Further Particulars were sought and provided in considerable detail by leading counsel on the Appellant's behalf, dated 15th November 2000, as follows:
" (d) Pension
24 This is a claim for payments from the pension fund as at termination which have been miscalculated in relation to a small number of the home-based Applicants.
25 Their pensions were governed by the Sonali Bank Employee's Pension Fund Rules, with effect from 1 January 1958, as well as the National Pay Scale of the Bangladeshi Government (see above).
26 By Memorandum F/IU – 12/66/93 from the Government of East Pakistan, Finance Department, dated 2 September 1966, the calculation of pension payments was based on "emoluments", defined in paragraph 2(5) as including, inter alia, "personal pay". "Personal pay" is defined in Regulation 2(p) of the 1981 Regulations. It essentially represented that element of an employees' pay which compensated the employee for any detrimental disparity in pay he or she would otherwise suffer by transferring employment to the First Respondent.
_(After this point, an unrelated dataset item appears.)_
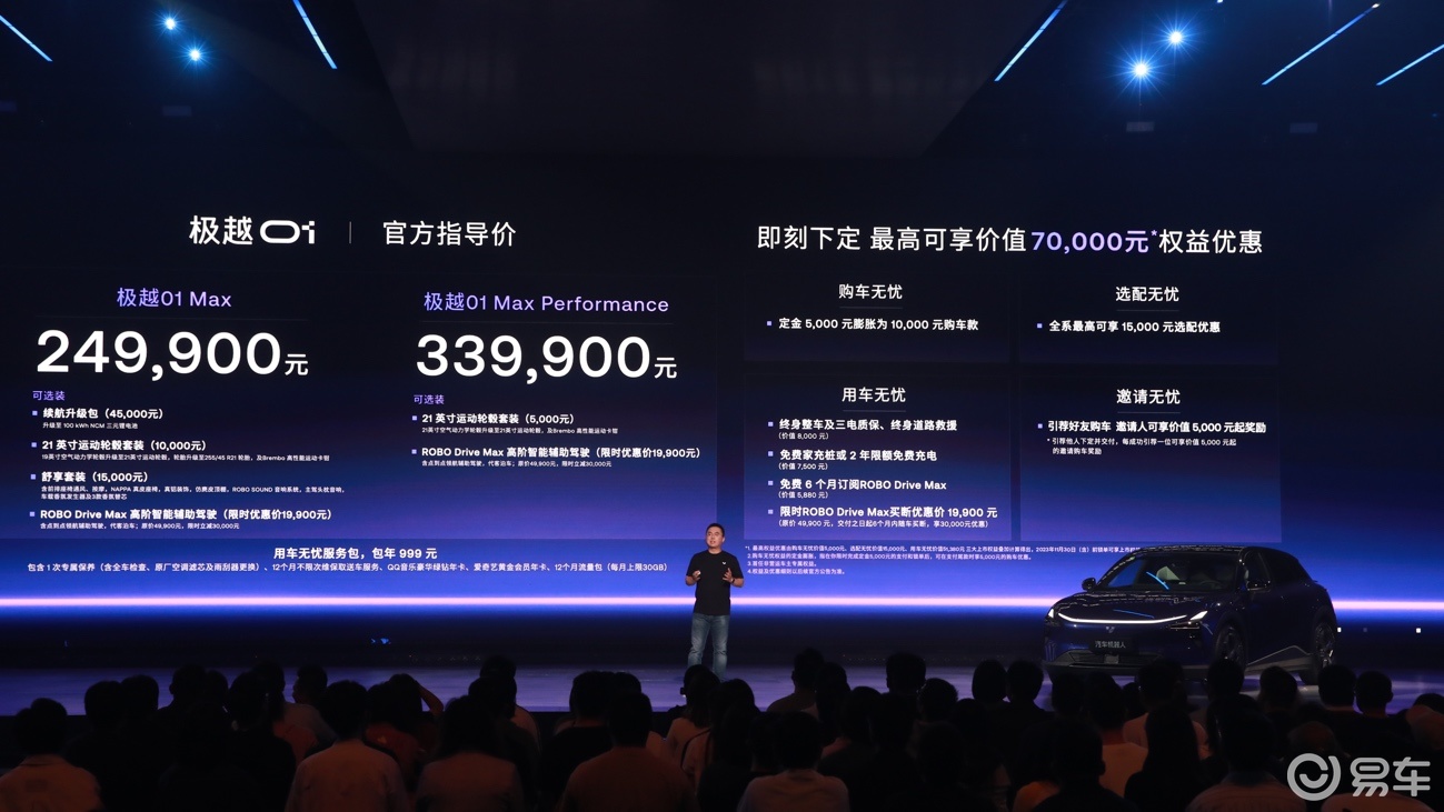 上市期间,用户下定最高可享价值70,000元综合权益优惠,其中包括5,000元定金可抵10,000元购车款、全系最高15,000元选配优惠、终身整车/三电质保、终身道路救援、免费家充桩或2年限额免费充电,以及高阶智驾ROBO Drive Max免费订阅6个月、限时终身买断立减30,000元等权益,此外邀请购车立享价值5,000元起奖励。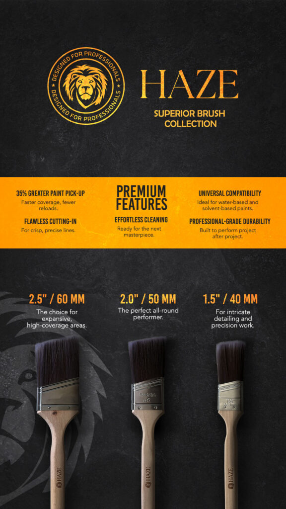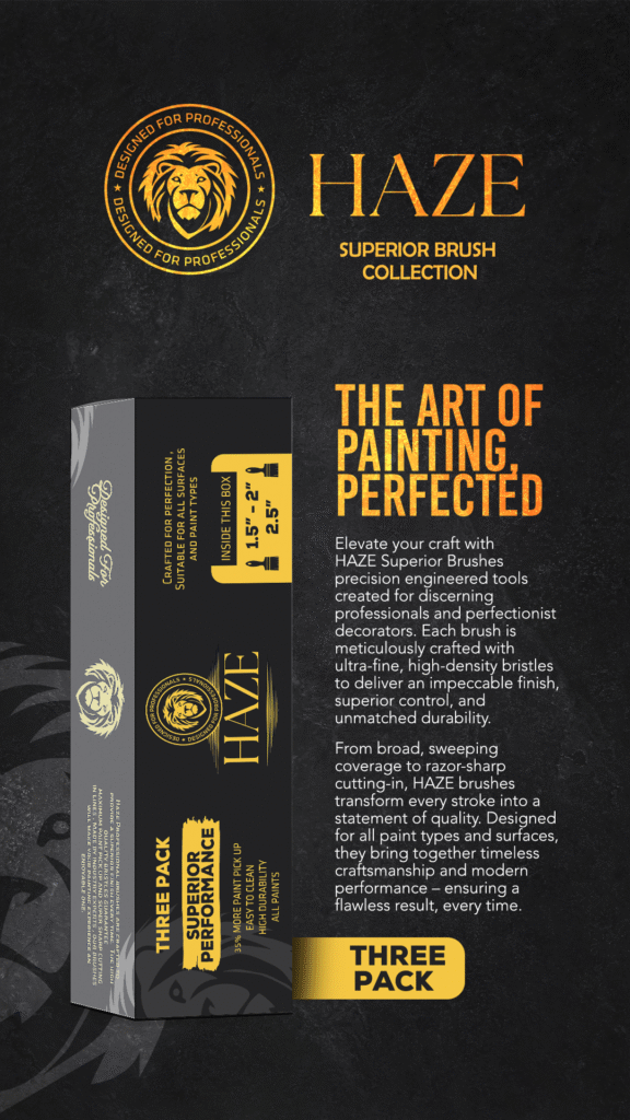Professional-grade brushes designed for ultimate control, flawless lines, and lasting performance. Featuring ultra-fine synthetic bristles, ergonomic wooden handles, and superior paint pick-up — the HAZE Superior Brush Collection redefines precision and durability for trade professionals

Memorandum MF/FD/REGN – 1/3P – 28/85/1067 from the Government Bangladesh, Finance Division confirmed the scale of pensions paid as a percentage of emoluments.
…
29 …. for those Applicants who claim under this head the "personal pay" element of their pay was not taken into account in the "emoluments" used to calculate the pension payment (see the documentation in relation to calculation of their payments)."
The complaint was thus that only basic pay and not, as the Appellants contended, basic pay plus personal protected pay, had been included in the calculation. There was, therefore, an alleged unlawful deduction of the personal or protected pay element in the calculation.
"42. Mr. Hossain and seven others claim that their personal protected pay element of their pay was not taken into account to calculate the pension payment to which they were entitled. They therefore received less than their entitlement. It is not in dispute that they had an entitlement to a compensatory pension upon redundancy. The dispute is as to the meaning of the 'final pay' used in calculating the pension entitlement. 'Basic pay or mul bethon' (a small sum) was used by the Respondent in the calculation.
43 For much of this case, the Respondent based its defence to this claim on the assertion that by virtue of Regulation 52(3) of the 1995 Regulations, basic pay or 'mul bethon' was the proper basis of the calculation. After the cross-examination of Mr. Latif, the deputy general manager of the Bank called by the Respondent, the Respondent conceded that Regulation 52(3) did not bear one way or the other on the question of how final pay was to be determined for the purposes of the pension scheme. The Respondent has therefore abandoned what appeared to be their defence in reliance on Regulation 52(3). Rather late in the day, they placed reliance instead upon a worked example pension calculation prepared by the Respondent's head office where basic pay ('mul bethon') has been used as the basis of the calculation. The Respondent maintains that that method of calculation is correct and place reliance upon that worked calculation.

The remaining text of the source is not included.